Kapitel 2 - Eine schlaflose Nacht

Nachdem wir eingestiegen waren, startete Camilla sofort das Auto und fuhr zurück auf die unebene Schotterstraße. Wir folgten dieser immer weiter, solange, bis wir etwas außerhalb des Dorfes waren und am Waldrand eine kleine gerade Grünfläche fanden, die kaum mit Schnee bedeckt war.
„Sollen wir da unser Zelt aufschlagen?“ fragte ich und deutete mit dem Zeigefinger auf das kleine Stück Land, dass etwas entfernt von der Straße und im Schutz der dichten Baumkronen lag. Meine Freundin nickte und sah sich nach einem Platz um, an dem sie den Wagen abstellen konnte. Schließlich fuhr sie bis zum Waldrand und parkte es unter einem riesigen Baum. Als wir ausgestiegen waren, machte sich die Blonde gleich daran, den Kofferraum zu öffnen und in dem Gewirr von Taschen und Rucksäcken herum zu wühlen, bis sie letztlich den kleinen moosgrünen Beutel gefunden hatte, in dem das Zelt mit seinen Stangen gepackt war. Sie drückte mir die Autoschlüssel in die Hand uns sagte: „Fleur, hol du bitte meine Handtasche vom Rücksitz und bring die Tüte mit dem Reiseproviant mit.“
Als sie zu ende gesprochen hatte, nahm sie noch eine kleine Tasche in die Hand und machte sich auf den Weg zu der kleinen Wiese, auf der wir unser Zelt aufbauen wollten.
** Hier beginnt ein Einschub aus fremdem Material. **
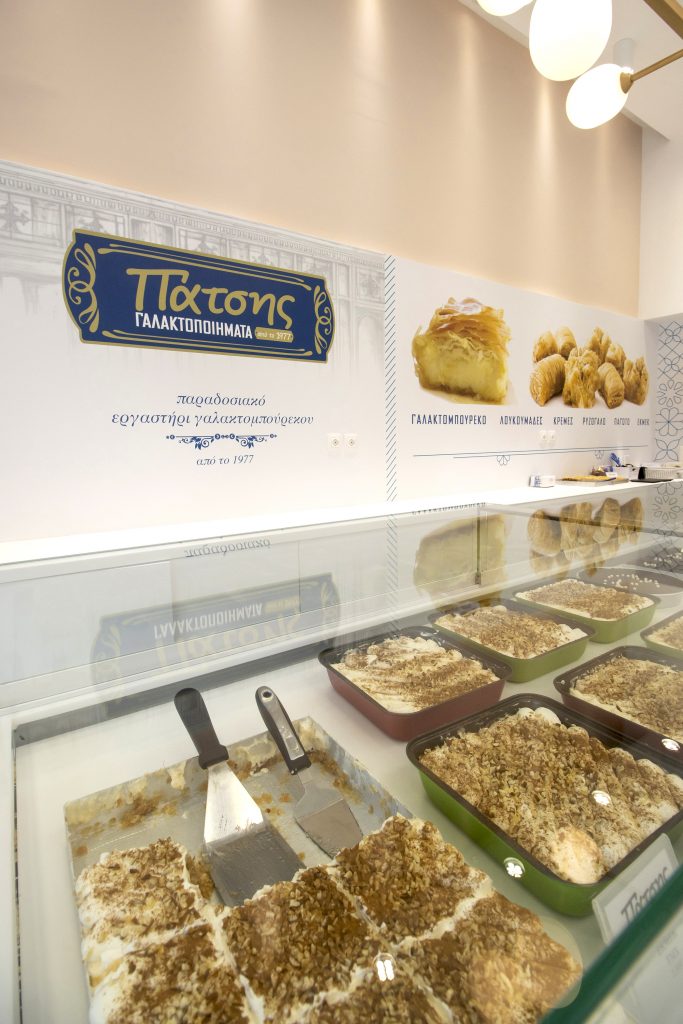 After the delicious galaktoboureko, it is the turn of the authentic “ekmek” with the velvety cream, the “kadaifi” and the syrups that in turn transfer the baton to the unique creams, the rice milk, the fresh creamy ice cream and the donuts that are also made in front of you ... Worth mentioning with high quality standards is the "milk" of the brand "Patsis Milk Making", which is produced & collected by small Greek farms to reach the 3 stores that have "Patsis Milk Making" in a unique modern packaging!

Gerade als ich den Kofferraum wieder schließen wollte, konnte ich ein lautes Äste knacken hören. Erschrocken wirbelte ich herum und suchte mit meinen Augen die Gegend ab, bis ich plötzlich hinter einem Baum eine schwarze Gestalt sehen konnte. Sie hatte langes Haar und trug einen langen schwarzen Mantel, dessen Kragen hochgeschlagen war und das Gesicht der Person etwas verhüllte. Ich rieb mir hastig die Augen und als ich einige Momente später wieder in die Richtung starrte, war die vermummte Gestalt verschwunden.

„Vergiss nicht das Auto abzuschließen!“ konnte ich plötzlich Camilla rufen hören, deren Stimme mich aus meinen Gedanken riss und mich zusammenzucken ließ. Für einen kurzen Augenblick sah ich ihr hinterher, bis meine Augen wieder zu der Stelle wanderten, an der vorhin noch diese seltsame Person gestanden hatte. Mit einem unsicheren Schulterzucken knallte ich die Kofferraumtür zu und nahm wie mir befohlen, unsere Handtaschen und auch die Tüte mit dem Essen, die ich mir unter den Arm klemmte, aus dem Wagen. Anschließend schloss ich das Auto ab und folgte Camilla zu der Grünfläche. Immer wieder spähte ich mir über die Schulter, um zu sehen, ob der Mann wieder aufgetaucht war, doch die schwarze Gestalt erschien nicht mehr. „Ich habe mir das nur eingebildet. Das liegt an dieser Gegend hier,... Sie macht einen paranoid.“ murmelte ich leise.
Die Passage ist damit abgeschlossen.